Kumar and Chauhan (1990) reported that calcium nitrate alone or in combination with fungicide were effective in reducing physiological loss in weight, decay loss and in maintaining the various quality parameters of Kinnow mandarin fruits. Fruits treated with calcium nitrate 1 per cent combined with 1 per cent of either Bavistin or Roveral could maintain the fruits in acceptable quality upto 98 days of storage, whereas untreated fruits were acceptable upto 56 days of storage.

According to Reddy (1992), post-harvest treatments of guava cv. Allahabad Safeda fruits with 1.5 per cent Ca(NO3)2 resulted in reduced PLW, decreased decay loss and finally maintained firmness and edible quality of the fruits upto 6 days at room temperature.

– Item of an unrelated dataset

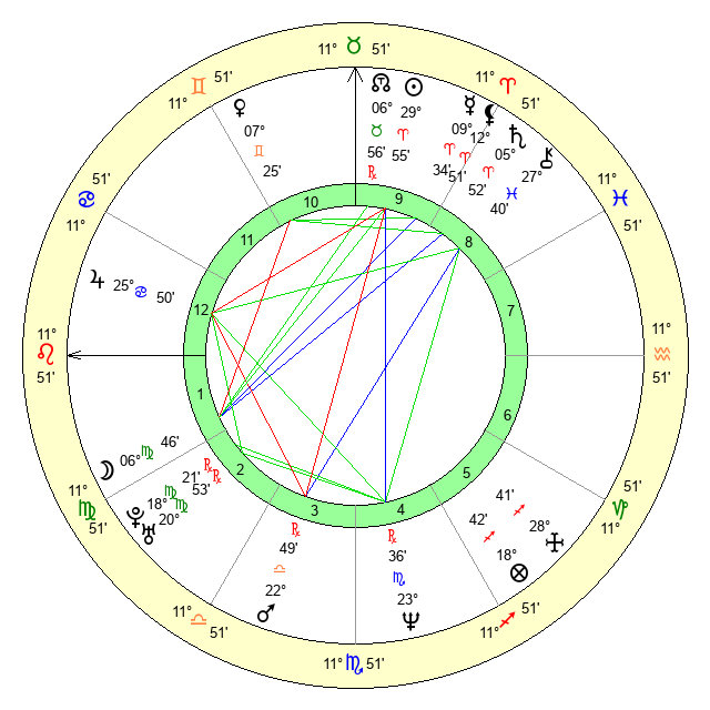 | Moon | 6 Virgo 53 | 26 Capricorn 25 | 25 Libra 36 |

Two pre harvest spray of 1 per cent Ca(NO3)2 and 0.6 per cent CaCl2 were carried out at 20 days and 10 days before harvest of litchi fruits cv. Bombai. Roychoudhry et al. (1992) reported that fruit quality in terms of TSS, total sugar and reducing sugar content was much better in Ca(NO3)2 sprayed fruits, while TSS : acid and sugar : acid ratio was more with CaCl2

spray as Ca(NO3)2 treatment developed more acidity. They also reported that ascorbic acid content was higher in Ca(NO3)2 treated fruits.

Post-harvest treatment of calcium compounds [Ca(NO3)2 and CaCl2] in guava cv. Sardar did not help in retaining colour but retained higher level of sugar at 3, 6 and 9 days after storage over control fruits (Jagadeesh, 1994).

Packing the William pear fruits in HDPE bags after calcium chloride treatment gave an additive effect in retaining the fruit firmness, registering a minimum loss of 25.8 per cent. PLW was reduced to 3 per cent by packing the fruits in HDPE bags but it increased the rotting percentage. Calcium chloride treatment reduced the rotting to 2 per cent (Masoodi and Mir, 1995).

Laxman Kuknoor (1996) opined that post-harvest dipping of Pairi mango fruits in 2 per cent Ca(NO3)2 recorded significantly higher TSS (14.60%) and total sugar (13.40%) and lower PLW (11.70%) at 16 days after storage compared to other treatments. Even the organoleptic scores were also higher over untreated fruits.

The perforated polythene wrapping and pre-harvest spraying of calcium compounds particularly CaCl2 and Ca(NO3)2 on storage life of fruits was evaluated in mango cv. Amrapali. Perforated polythene wrapping, CaCl2 (1.5%) and Ca(NO3)2 (1.5%) were effective treatments over the control to enhance the storage life of fruits (Singh et al., 1998).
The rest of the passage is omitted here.